### STUDY MATERIAL
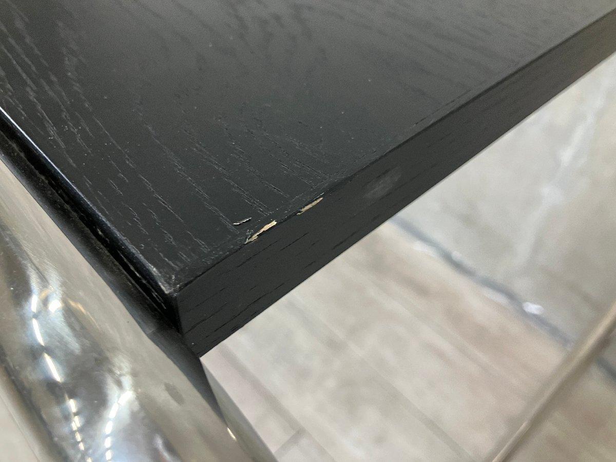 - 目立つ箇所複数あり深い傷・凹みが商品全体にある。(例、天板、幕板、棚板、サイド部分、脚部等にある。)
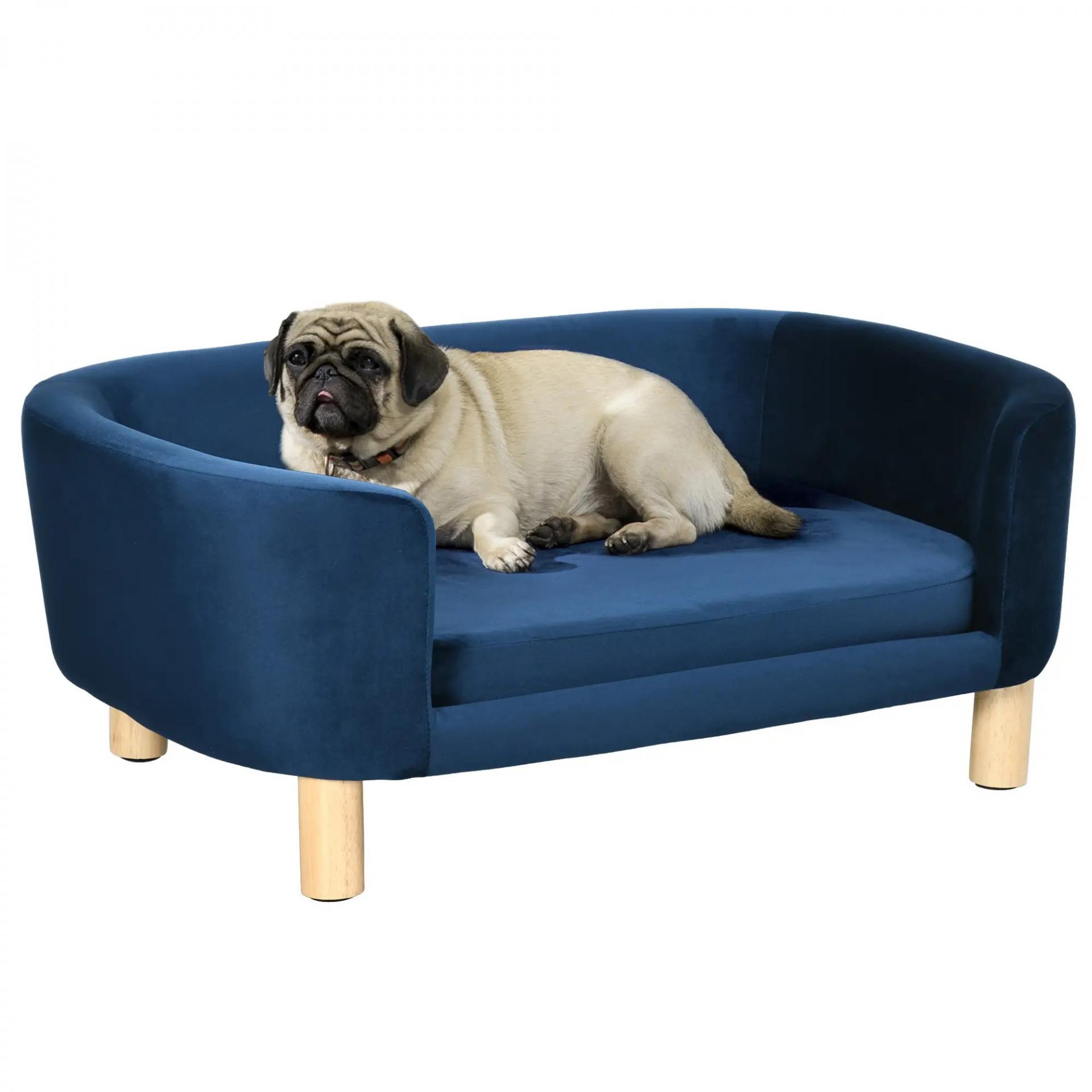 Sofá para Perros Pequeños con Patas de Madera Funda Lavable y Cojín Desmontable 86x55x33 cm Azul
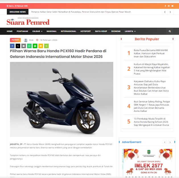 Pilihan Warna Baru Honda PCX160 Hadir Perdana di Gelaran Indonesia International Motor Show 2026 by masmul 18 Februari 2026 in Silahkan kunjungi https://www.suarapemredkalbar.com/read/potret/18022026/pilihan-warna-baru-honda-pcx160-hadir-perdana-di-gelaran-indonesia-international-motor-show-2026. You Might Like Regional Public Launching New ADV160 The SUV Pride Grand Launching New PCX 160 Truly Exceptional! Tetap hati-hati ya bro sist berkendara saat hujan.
######
### STUDY MATERIAL
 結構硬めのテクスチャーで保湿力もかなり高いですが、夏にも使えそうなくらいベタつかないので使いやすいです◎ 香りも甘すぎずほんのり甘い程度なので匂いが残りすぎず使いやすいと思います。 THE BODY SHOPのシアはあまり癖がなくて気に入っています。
######
YOUR OBJECTIVE → Within the listing above, print exactly the stretch beginning at the line that contains "- 目立つ箇所複数あり深い傷" and finishing at the line that contains "Sofá para Perros", ends kept, pictures left out, and nothing more.

TASK RESPONSE →
 - 目立つ箇所複数あり深い傷・凹みが商品全体にある。(例、天板、幕板、棚板、サイド部分、脚部等にある。)
 Sofá para Perros Pequeños con Patas de Madera Funda Lavable y Cojín Desmontable 86x55x33 cm Azul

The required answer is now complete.